Anyone got any ideas?
Perhaps an uninstall of Premiere and a reinstall?
HELP! and Thx!
 

JohnnyPC

Senior member
Sep 25, 2001
520
0
0
I would figure that encoding is not limited by the speed of the drive system...rather it's how much computing "horsepower" you have. The weak link in the chain isn't the drives or controller, it's the processor. It can only do so much work independent of how well everything else is tuned up...
 

Ronstang

Lifer
Jul 8, 2000
12,493
18
81
I have always been told that the bottleneck to mpeg encoding was the CPU. I recently heard someone say that when they simply went from a 800mhz or so machine to an XP 1800 they dropped their encodeing time by almost 2/3. I can't verify this but it is what I heard.
 

StormRider

Diamond Member
Mar 12, 2000
8,324
2
0
Encoding is CPU intensive. That's when you take the original video signal and mathematically "compress" the information into a smaller file size. You want a fast CPU to encode the video data -- especially if you are doing it in real time or "on the fly".

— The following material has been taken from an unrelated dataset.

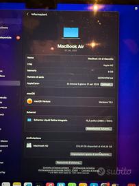 Vendo MacBook Air da 15,3 pollici con chil M2 ram da 8GB e Macintosh HD da 500GB è in perfette condizioni praticamente mai utilizzato vendo per inutilizzo. Lo vendo con magic mouse , caricatore rapido da 70w e cavo lungo tutto orinale apple.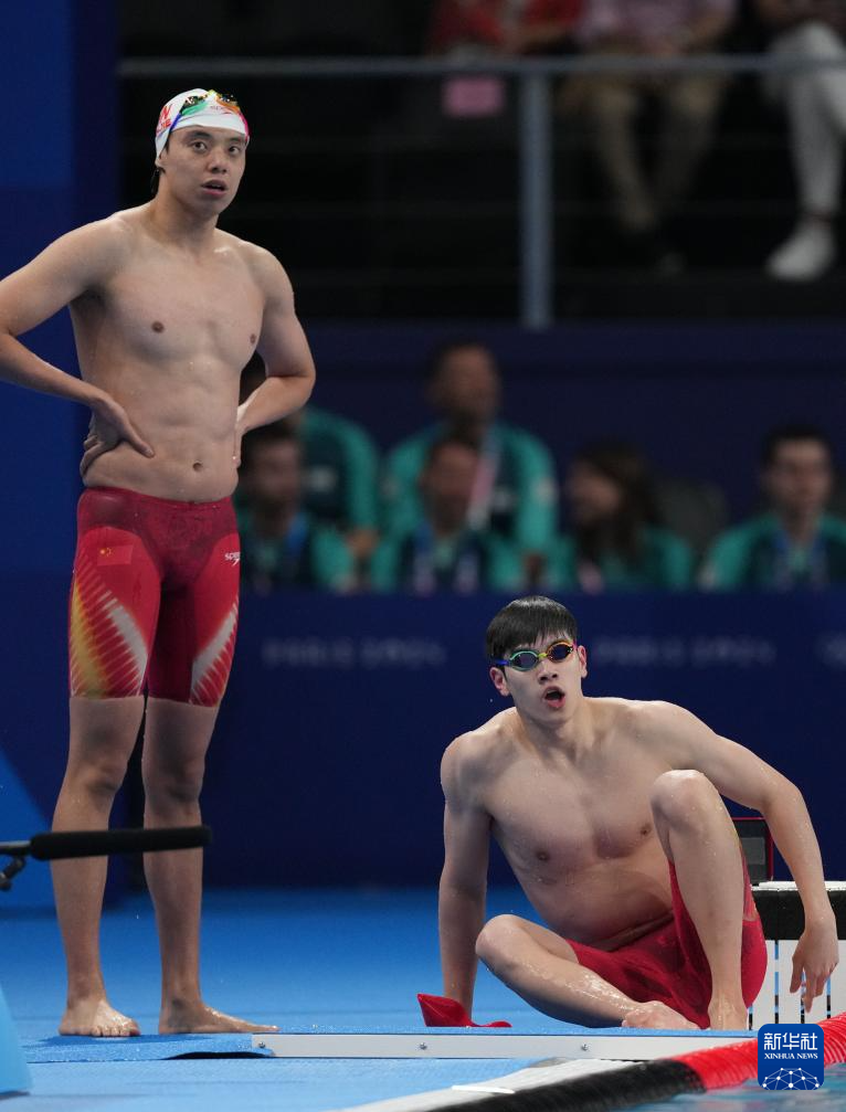 7月28日,中国选手潘展乐(右)、季新杰在男子200米自由泳预赛后。他们均无缘半决赛。新华社记者 薛宇舸 摄

Capturing video (without encoding) is I/O intensive. You want a fast I/O system (IDE controller and hard drive) to be able to store the video information as you capture it in real time. If your I/O system is slow, then you might drop some frames.

If you are capturing video and encoding it "on the fly", then it's more important to have a fast CPU. Because when you encode the video information (i.e. to MPEG2 format), you are compressing it and therefore you are not saving as much information to disk as when it was not encoded (raw video information).

For example, capturing raw video frames might require saving 20 to 30 mbytes/sec of information to disk. However, if you are encoding it to MPEG2, then you only need to save about 9 mbytes/sec of information to the hard drive.